Data provided:
-.-.-
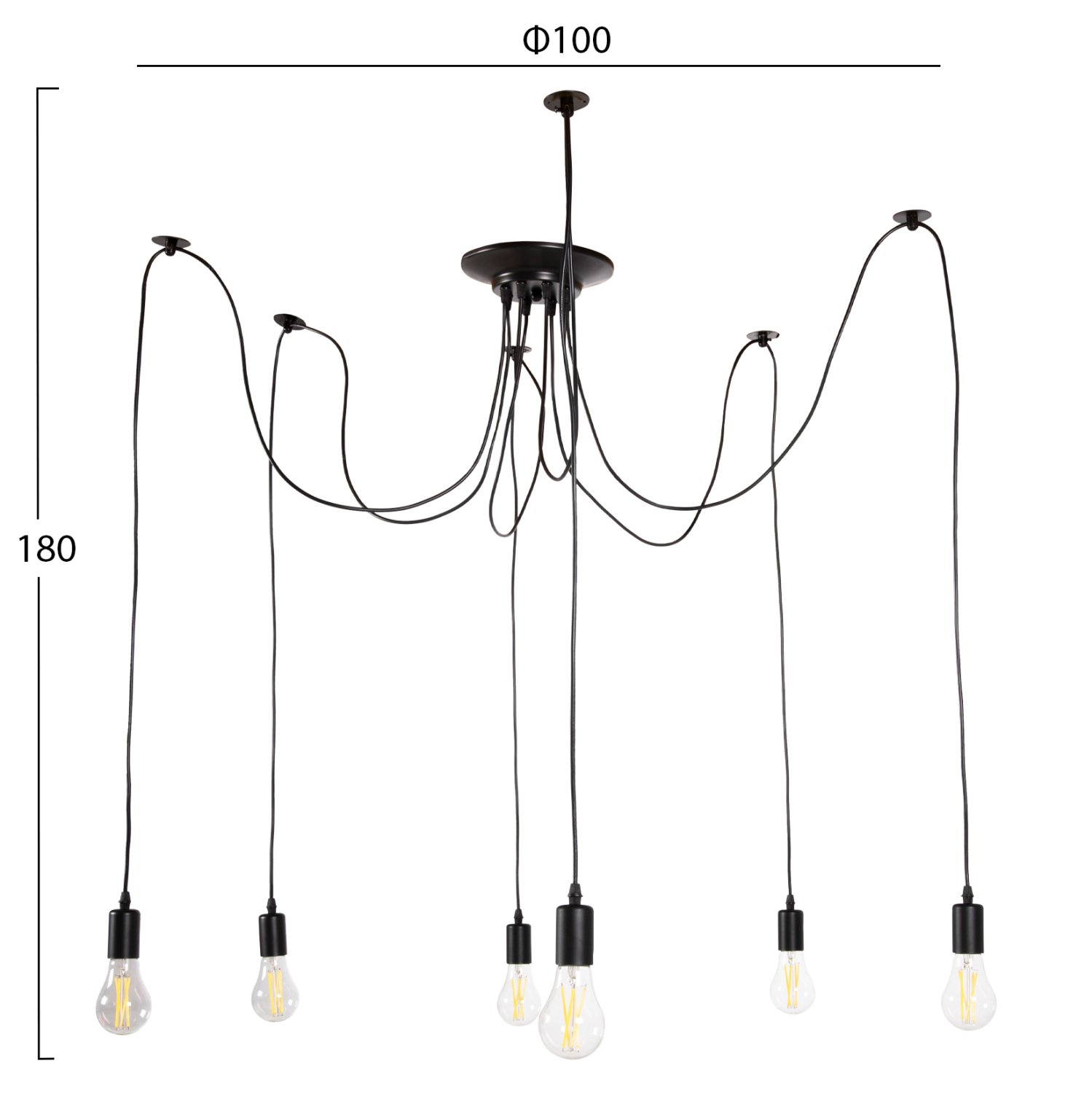 Το πολύφωτο ΗΜ4175 είναι μια ακόμα προσθήκη στην γκάμα μας. Έχει μαύρη μεταλλική βάση οροφής, από την οποία κρέμονται 6 μαύρα μακριά καλώδια που καταλήγουν σε 6 μαύρα ντουί. Αυτά τα καλώδια μπορείτε να τα αναρτήσετε με διάφορους τρόπους από την οροφή δίνοντας το δικό σας στυλ στον χώρο. Αυτό το πληθωρικό πολύφωτο θα φωτίσει με άπλετο φως μεγάλους χώρους και θα εντυπωσιάσει με το απλότητά του.
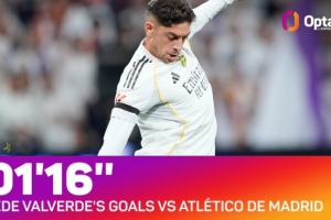 體育資訊1月9日訊 皇馬在西超杯半決賽1-0領(lǐng)先馬競,巴爾韋德在1分16秒為球隊(duì)任意球先拔頭籌。
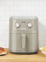 Enjoy faster and healthier cooking with the Haden 6.5L Air Fryer. Designed in Haden's signature colours to complement your kitchen, this practical appliance makes a style statement on your countertop. It features a durable body with a sleek brushed finish on the outer drawer, manual dials on the front to control temperature and time, plus convenient guides on the top for your favourite dishes and bakes.
-.-.-
About this exercise: Extract, word for word, every line from the one holding "體育資訊1月9日訊 皇馬在西" through the closing line of the data above. Do not include any pictures.

Result of the task:
 體育資訊1月9日訊 皇馬在西超杯半決賽1-0領(lǐng)先馬競,巴爾韋德在1分16秒為球隊(duì)任意球先拔頭籌。
 Enjoy faster and healthier cooking with the Haden 6.5L Air Fryer. Designed in Haden's signature colours to complement your kitchen, this practical appliance makes a style statement on your countertop. It features a durable body with a sleek brushed finish on the outer drawer, manual dials on the front to control temperature and time, plus convenient guides on the top for your favourite dishes and bakes.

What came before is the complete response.